__Given data__:
● ● ● ● ● ● ●
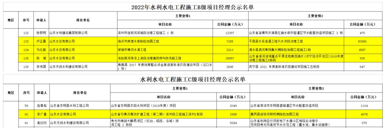 近日,中国水利企业协会发布《2022年开云集团官网-开云(中国) 施工项目经理评价等级公示》,我公司卢正雷、马化振、张斌三名同志被评为“2022年开云集团官网-开云(中国) 施工B级项目经理”,李广喜被评为“2022年开云集团官网-开云(中国) 施工C级项目经理”。
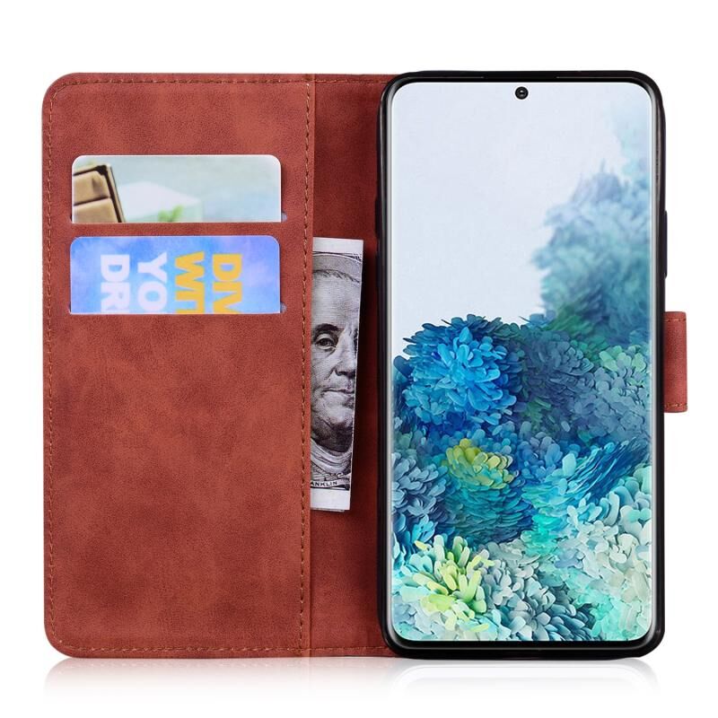 Θήκη δέρματος οριζόντιας αναδίπλωσης με ανάγλυφο μοτίβο τίγρης για Samsung Galaxy S20 Plus με βάση & υποδοχές καρτών & πορτοφόλι (Καφέ)
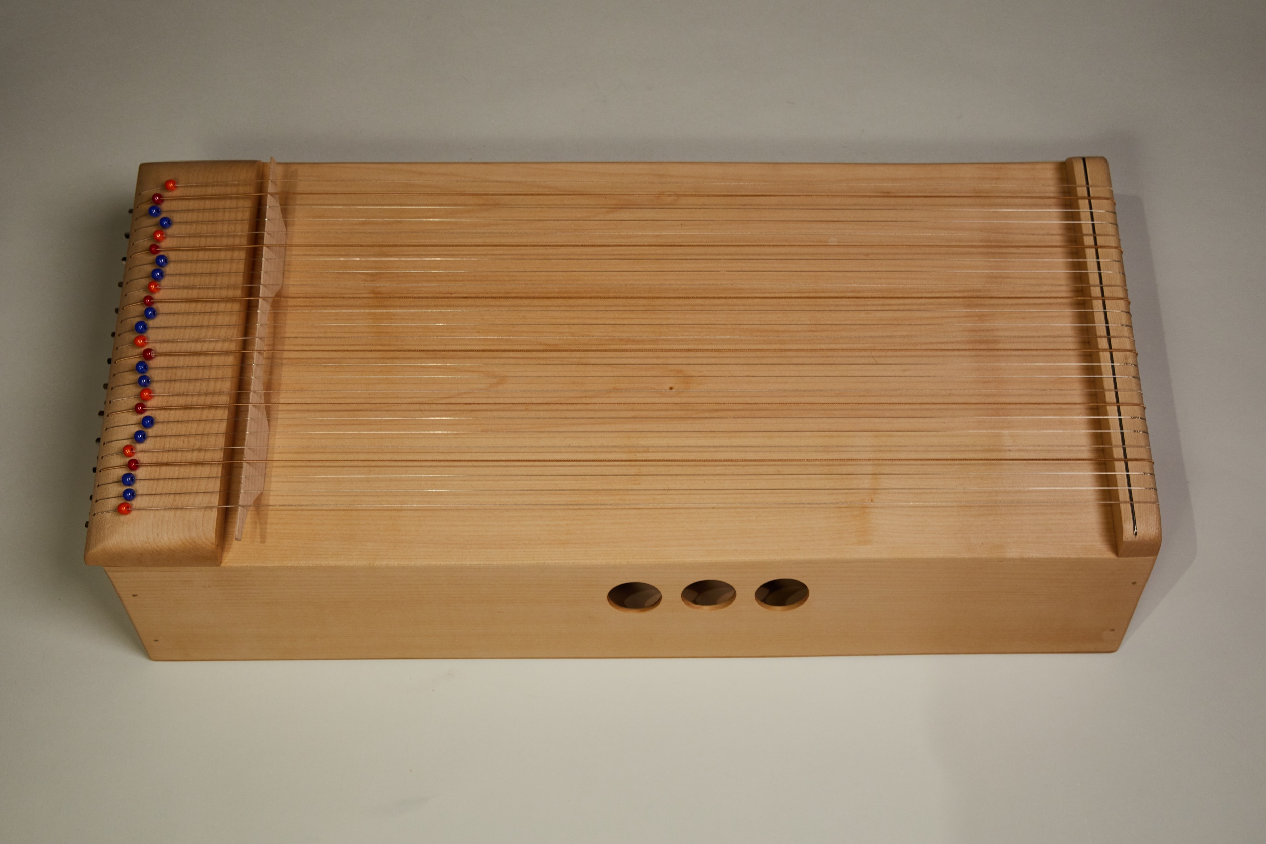 It has 40 strings in A tuning. The strings are tuned into the basic tone and its lower octave with the added D fifth and it has 4 extra melodic strings (on bridges) that can be tuned into minor or major pentatonics.
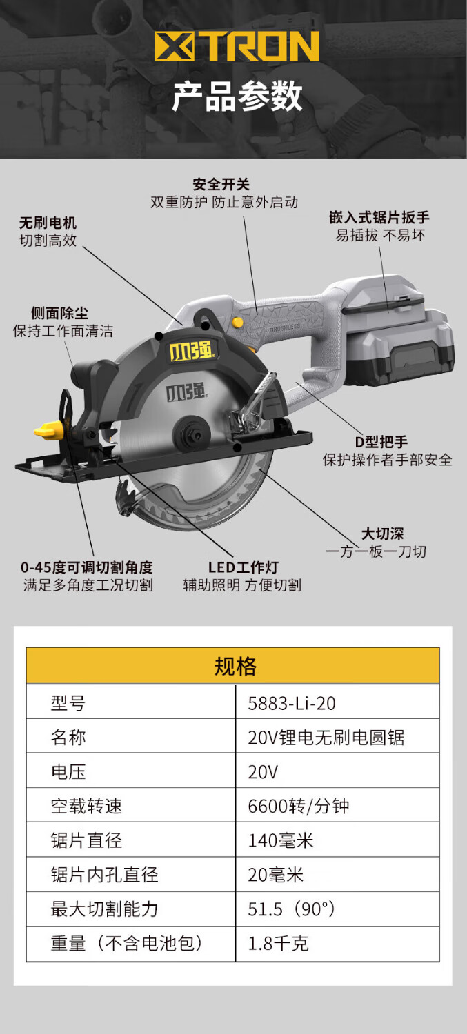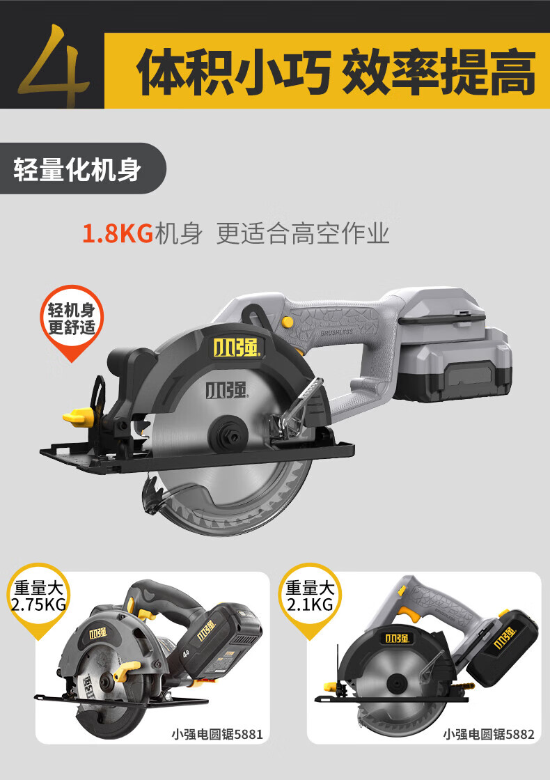 Xiaoqiang 5883 lithium electric saw 20v rechargeable brushless woodworking portable saw electric circular saw portable cutting machine power tool 5883-6.0 single battery package
● ● ● ● ● ● ●
__What to work on__: Repeat the data exactly. Pictures should not appear.

__Result for this exercise__:
 近日,中国水利企业协会发布《2022年开云集团官网-开云(中国) 施工项目经理评价等级公示》,我公司卢正雷、马化振、张斌三名同志被评为“2022年开云集团官网-开云(中国) 施工B级项目经理”,李广喜被评为“2022年开云集团官网-开云(中国) 施工C级项目经理”。
 Θήκη δέρματος οριζόντιας αναδίπλωσης με ανάγλυφο μοτίβο τίγρης για Samsung Galaxy S20 Plus με βάση & υποδοχές καρτών & πορτοφόλι (Καφέ)
 It has 40 strings in A tuning. The strings are tuned into the basic tone and its lower octave with the added D fifth and it has 4 extra melodic strings (on bridges) that can be tuned into minor or major pentatonics.
 Xiaoqiang 5883 lithium electric saw 20v rechargeable brushless woodworking portable saw electric circular saw portable cutting machine power tool 5883-6.0 single battery package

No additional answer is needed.